Sessions and rate limits
Sessions are the least surprising part of the exercise, and that's fine — you want quick lookups, clean expiry, and no drama.
export async function saveSession(sessionId: string, userId: string) {
await redis.set(`session:${sessionId}`, userId, {
EX: 60 * 60 * 24,
});
}
Rate limiting is just a counter with a TTL, which is gloriously boring in the best way — one key per user per hour, and the expiry does the cleanup for you.
export async function allowRequest(userId: string) {
const key = `rate:${userId}:${new Date().toISOString().slice(0, 13)}`;
const count = await redis.incr(key);
if (count === 1) {
await redis.expire(key, 3600);
}
return count <= 100;
}
What the exercise actually shows
I went in expecting Redis to feel stretched thin somewhere around the search or ranking use cases, and it didn't — the data structures really do line up with the workload, and RediSearch and Lua scripting are more capable than their "niche feature" reputation suggests.
I'd figured Redis being in-memory meant this whole platform was one power outage away from amnesia. It isn't. Redis can write itself to disk two ways — a periodic snapshot of the whole dataset, and a running log of every write that it can flush to disk as often as after each individual command. Run both together and Redis's own docs go as far as claiming durability "comparable to what PostgreSQL can provide." I'd take that with a grain of salt — but it's still worth knowing the knob exists.

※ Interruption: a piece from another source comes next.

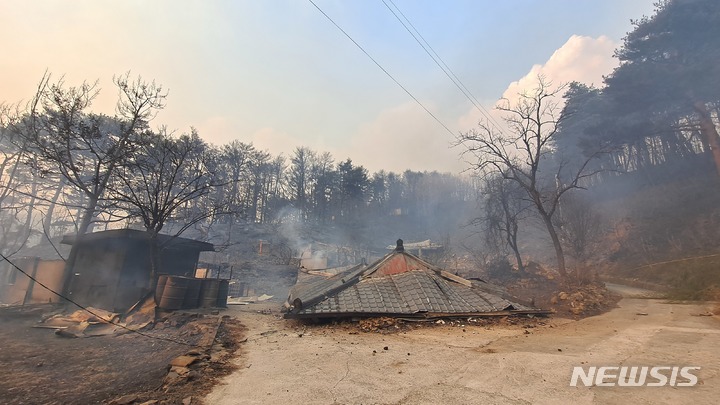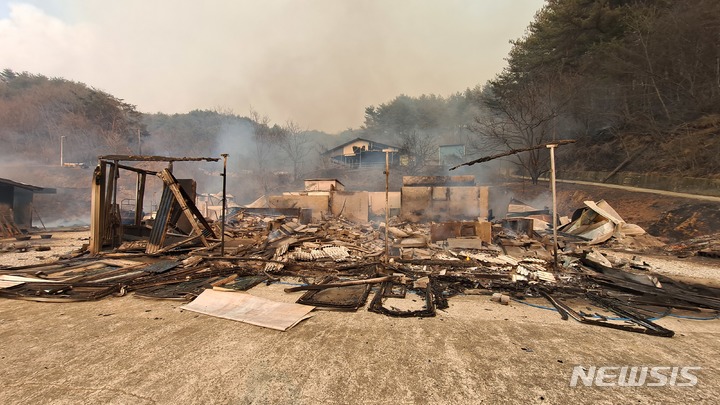 경북 울진 산불에 지붕만 남은 가구
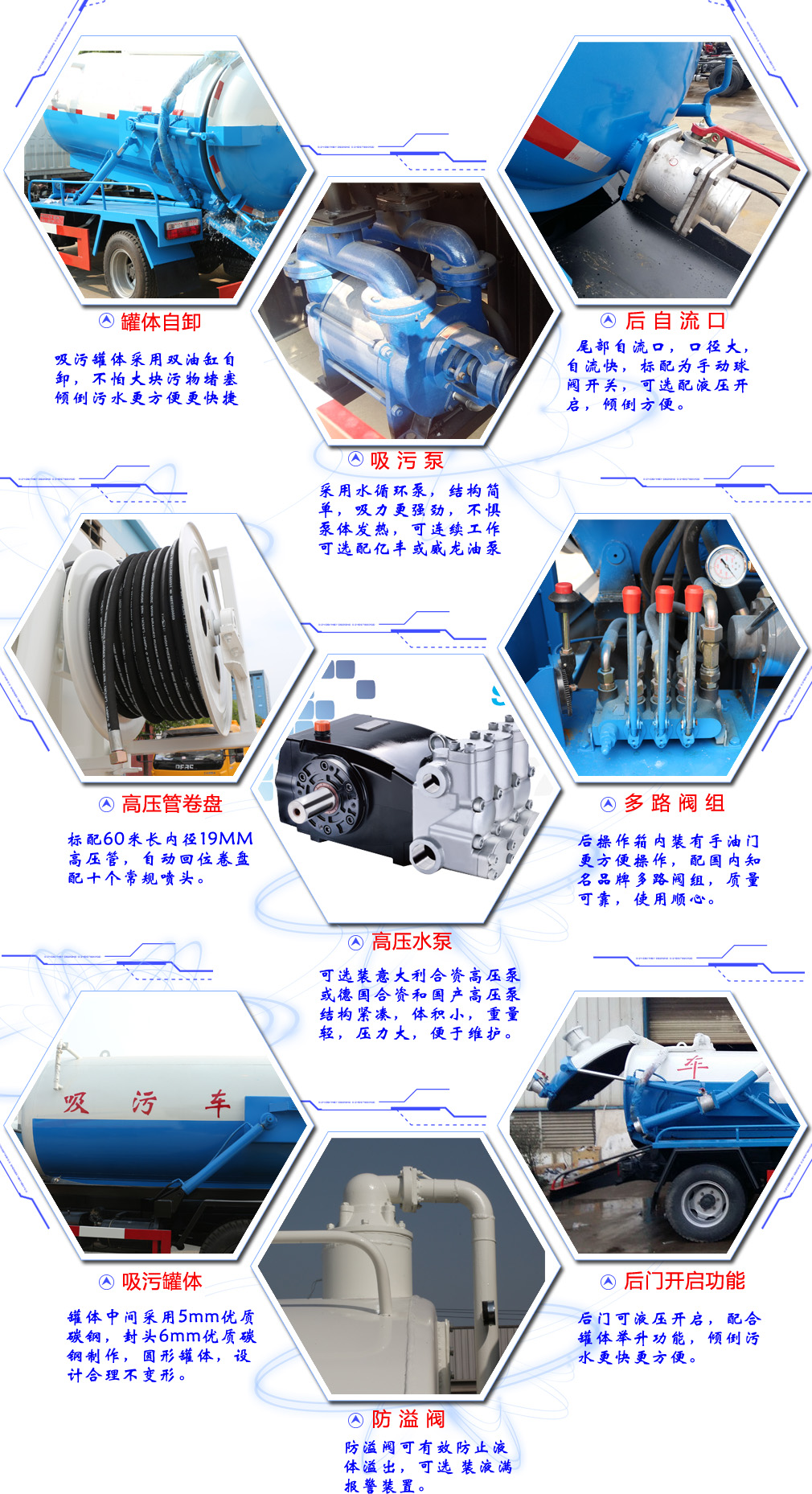 | 其他 | 随底盘选装驾驶室.罐体外形尺寸(直径×直段长)(mm):φ1550×4100,有效容积为7.45立方米,介质为:悬浮污物,密度:900千克/立方米。轴距/后悬对应关系为(mm):4700/2570;4500/2770.防护材料:Q235A碳钢,连接方式:左右侧面及后下部防护均采用焊接连接,后部防护断面尺寸(mm):230×50,后部防护离地高度(mm):480。该车安装带有卫星定位功能的行驶记录仪。ABS型号:3631010-C2000,4460046440;生产厂家:东科克诺尔商用车制动系统(十堰)有限 | ||

So the honest gap isn't durability, it's the relational modeling around it. Postgres gives you multi-table transactions that actually roll back on error, foreign key constraints that reject bad writes at the boundary, and a query planner you can point at ad-hoc reporting questions you didn't anticipate when you designed the keys. Redis's MULTI/EXEC queues commands and runs them atomically, but it won't roll back a command that fails partway through, and there's no equivalent of JOIN order_items ON orders.id across arbitrary keys — you get back exactly the access pattern you designed the key for, and nothing else. That's the real trade this exercise surfaces: reach for Redis's less obvious structures — sorted sets, Lua scripts, RediSearch, streams, and yes, AOF — before assuming you need a separate service for ranking, search, or locking. Just don't expect it to replace the kind of ad-hoc relational querying a warehouse or Postgres gives you almost for free.